[Start of Attachment]

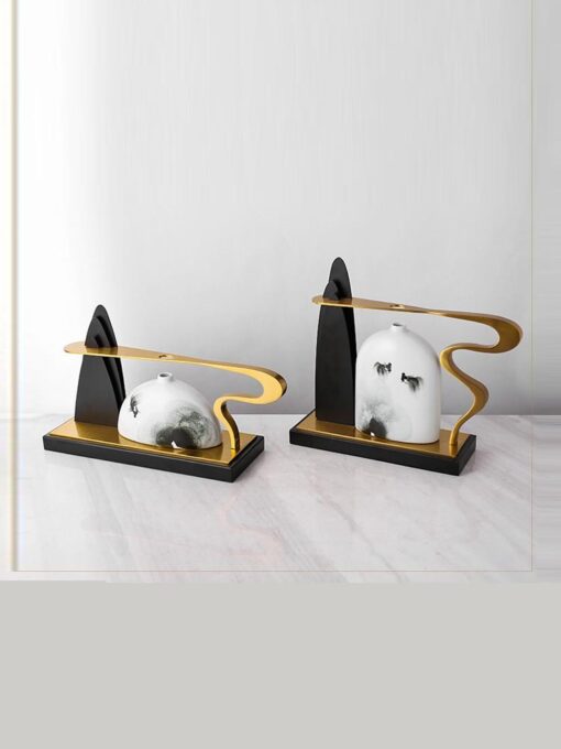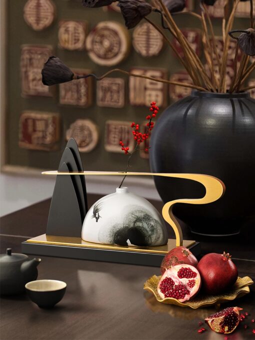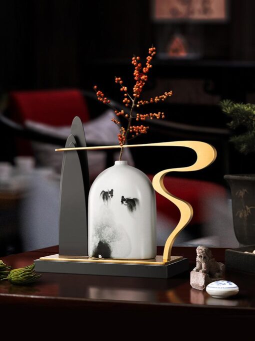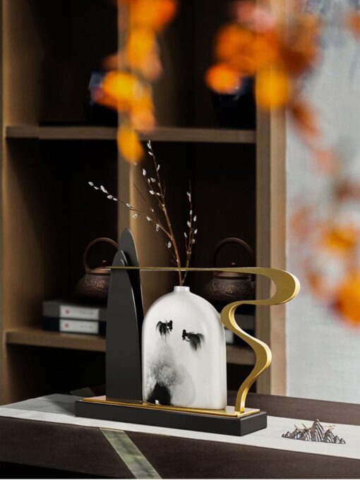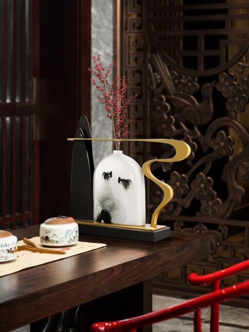 Đây là một bình hoa bằng gốm mang phong cách Trung Hoa rất độc đáo và tinh tế. Bình có dáng tròn, bề mặt trắng mịn với các nét vẽ thủy mặc màu đen, tạo nên sự hài hòa giữa cổ điển và hiện đại. Bình được đặt trên một đế trang trí với các chi tiết kim loại màu vàng sáng tạo hình uốn lượn mềm mại, kết hợp với một chi tiết đen đứng thẳng, làm tăng tính thẩm mỹ và sự sang trọng cho sản phẩm.
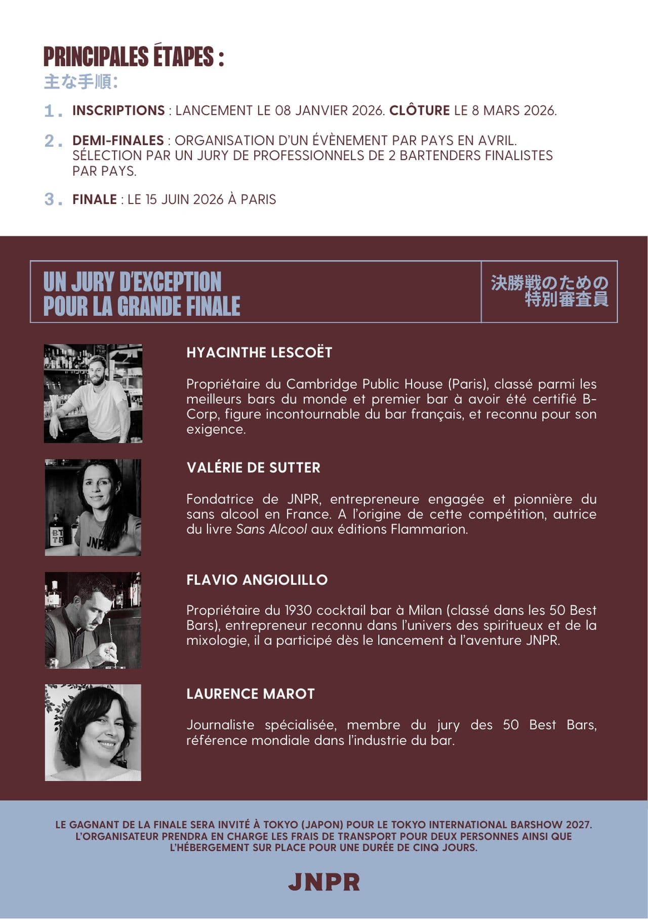 Le gagnant sera invité à représenter JNPR au Tokyo International Bar Show 2027, référence mondiale de la scène bar.
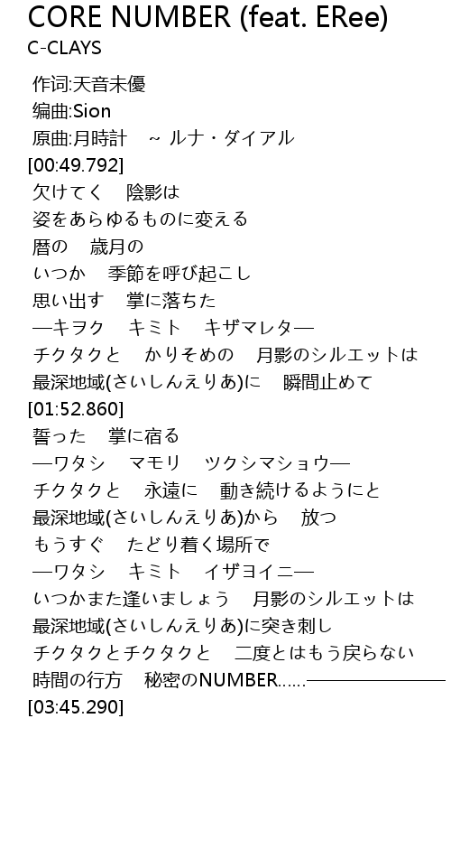 | [03:32.702] | 時間の行方 秘密のNUMBER……——————— |

[End of Attachment]

▶ PROBLEM TO SOLVE:
Copy out all the data exactly. No images belong in the copy.

▶ EXERCISE ANSWER:
 Đây là một bình hoa bằng gốm mang phong cách Trung Hoa rất độc đáo và tinh tế. Bình có dáng tròn, bề mặt trắng mịn với các nét vẽ thủy mặc màu đen, tạo nên sự hài hòa giữa cổ điển và hiện đại. Bình được đặt trên một đế trang trí với các chi tiết kim loại màu vàng sáng tạo hình uốn lượn mềm mại, kết hợp với một chi tiết đen đứng thẳng, làm tăng tính thẩm mỹ và sự sang trọng cho sản phẩm.
 Le gagnant sera invité à représenter JNPR au Tokyo International Bar Show 2027, référence mondiale de la scène bar.
 | [03:32.702] | 時間の行方 秘密のNUMBER……——————— |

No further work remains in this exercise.